# PROBLEM DESCRIPTION
Images are not part of the copy; transcribe all the data exactly.

# COLLECTED DATA
= = = =

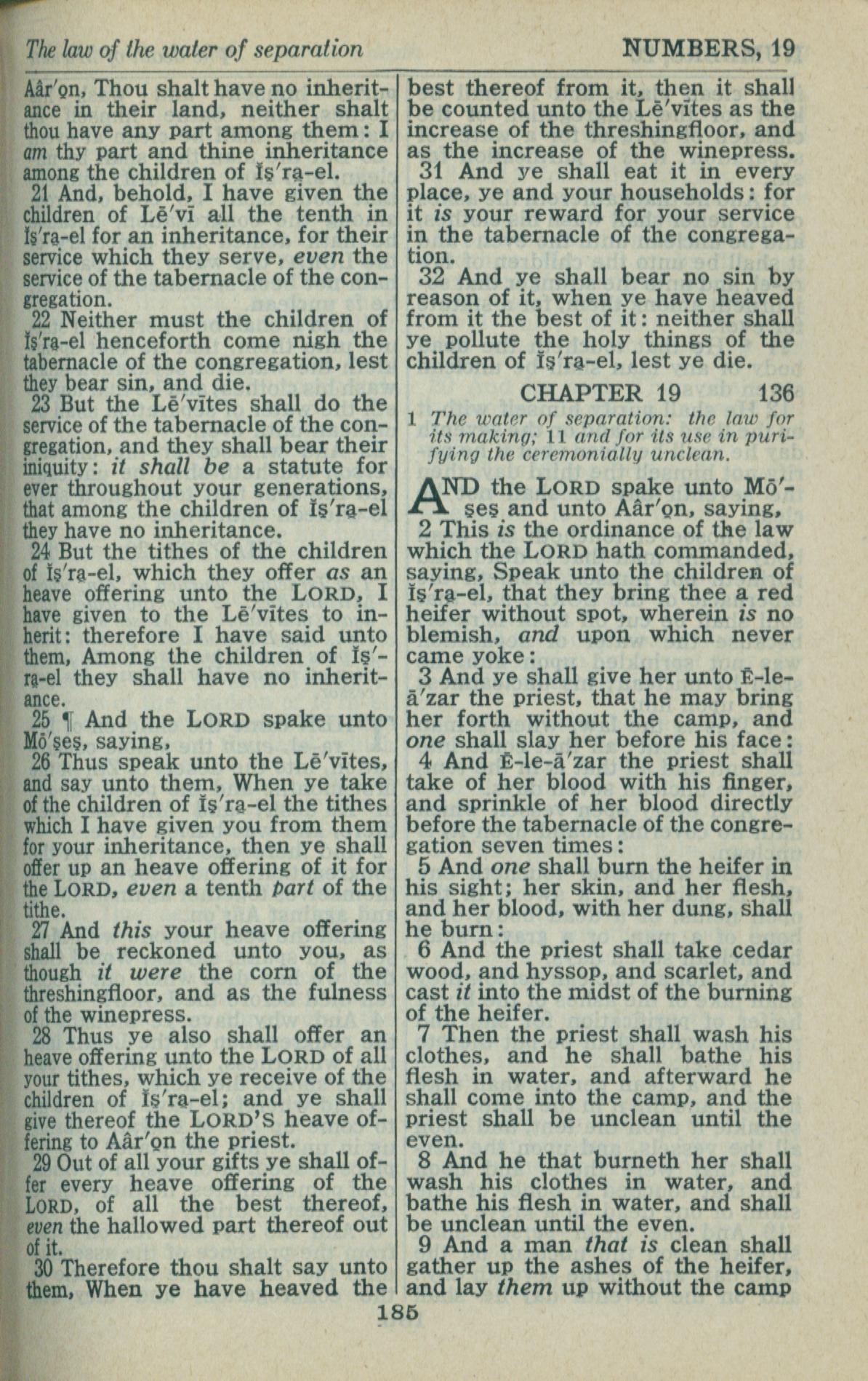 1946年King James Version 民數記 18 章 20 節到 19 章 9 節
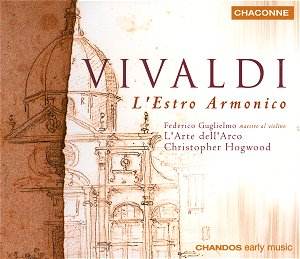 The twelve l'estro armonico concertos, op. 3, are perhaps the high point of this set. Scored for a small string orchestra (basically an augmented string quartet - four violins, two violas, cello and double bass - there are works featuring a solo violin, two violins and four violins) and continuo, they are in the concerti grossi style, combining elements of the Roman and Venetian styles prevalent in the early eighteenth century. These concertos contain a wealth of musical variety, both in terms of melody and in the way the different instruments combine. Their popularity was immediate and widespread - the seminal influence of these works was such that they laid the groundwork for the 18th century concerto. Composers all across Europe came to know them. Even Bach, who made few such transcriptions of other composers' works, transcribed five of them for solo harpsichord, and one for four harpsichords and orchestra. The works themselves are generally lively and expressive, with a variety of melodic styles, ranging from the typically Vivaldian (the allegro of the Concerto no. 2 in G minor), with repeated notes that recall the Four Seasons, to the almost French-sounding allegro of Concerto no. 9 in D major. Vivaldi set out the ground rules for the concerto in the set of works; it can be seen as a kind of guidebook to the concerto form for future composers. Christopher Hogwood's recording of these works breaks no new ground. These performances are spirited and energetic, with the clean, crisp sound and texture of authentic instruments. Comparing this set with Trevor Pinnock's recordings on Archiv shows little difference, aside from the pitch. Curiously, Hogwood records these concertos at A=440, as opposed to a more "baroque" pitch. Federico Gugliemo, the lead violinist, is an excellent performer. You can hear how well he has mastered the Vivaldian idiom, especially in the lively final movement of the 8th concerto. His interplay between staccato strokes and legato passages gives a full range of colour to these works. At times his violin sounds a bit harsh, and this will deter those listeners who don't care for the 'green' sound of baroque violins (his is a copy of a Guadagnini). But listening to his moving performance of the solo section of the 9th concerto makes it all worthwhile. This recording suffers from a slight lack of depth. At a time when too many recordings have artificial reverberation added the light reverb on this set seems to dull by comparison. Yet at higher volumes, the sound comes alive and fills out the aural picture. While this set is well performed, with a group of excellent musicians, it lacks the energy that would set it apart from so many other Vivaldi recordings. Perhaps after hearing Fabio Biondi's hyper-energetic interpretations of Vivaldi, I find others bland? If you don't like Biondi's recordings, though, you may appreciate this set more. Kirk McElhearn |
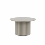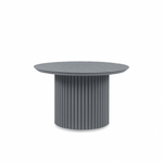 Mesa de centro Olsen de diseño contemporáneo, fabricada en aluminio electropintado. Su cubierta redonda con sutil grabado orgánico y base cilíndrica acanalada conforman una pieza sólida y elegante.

= = = =

# RESPONSE FOR THIS EXERCISE
 1946年King James Version 民數記 18 章 20 節到 19 章 9 節
 The twelve l'estro armonico concertos, op. 3, are perhaps the high point of this set. Scored for a small string orchestra (basically an augmented string quartet - four violins, two violas, cello and double bass - there are works featuring a solo violin, two violins and four violins) and continuo, they are in the concerti grossi style, combining elements of the Roman and Venetian styles prevalent in the early eighteenth century. These concertos contain a wealth of musical variety, both in terms of melody and in the way the different instruments combine. Their popularity was immediate and widespread - the seminal influence of these works was such that they laid the groundwork for the 18th century concerto. Composers all across Europe came to know them. Even Bach, who made few such transcriptions of other composers' works, transcribed five of them for solo harpsichord, and one for four harpsichords and orchestra. The works themselves are generally lively and expressive, with a variety of melodic styles, ranging from the typically Vivaldian (the allegro of the Concerto no. 2 in G minor), with repeated notes that recall the Four Seasons, to the almost French-sounding allegro of Concerto no. 9 in D major. Vivaldi set out the ground rules for the concerto in the set of works; it can be seen as a kind of guidebook to the concerto form for future composers. Christopher Hogwood's recording of these works breaks no new ground. These performances are spirited and energetic, with the clean, crisp sound and texture of authentic instruments. Comparing this set with Trevor Pinnock's recordings on Archiv shows little difference, aside from the pitch. Curiously, Hogwood records these concertos at A=440, as opposed to a more "baroque" pitch. Federico Gugliemo, the lead violinist, is an excellent performer. You can hear how well he has mastered the Vivaldian idiom, especially in the lively final movement of the 8th concerto. His interplay between staccato strokes and legato passages gives a full range of colour to these works. At times his violin sounds a bit harsh, and this will deter those listeners who don't care for the 'green' sound of baroque violins (his is a copy of a Guadagnini). But listening to his moving performance of the solo section of the 9th concerto makes it all worthwhile. This recording suffers from a slight lack of depth. At a time when too many recordings have artificial reverberation added the light reverb on this set seems to dull by comparison. Yet at higher volumes, the sound comes alive and fills out the aural picture. While this set is well performed, with a group of excellent musicians, it lacks the energy that would set it apart from so many other Vivaldi recordings. Perhaps after hearing Fabio Biondi's hyper-energetic interpretations of Vivaldi, I find others bland? If you don't like Biondi's recordings, though, you may appreciate this set more. Kirk McElhearn |
 Mesa de centro Olsen de diseño contemporáneo, fabricada en aluminio electropintado. Su cubierta redonda con sutil grabado orgánico y base cilíndrica acanalada conforman una pieza sólida y elegante.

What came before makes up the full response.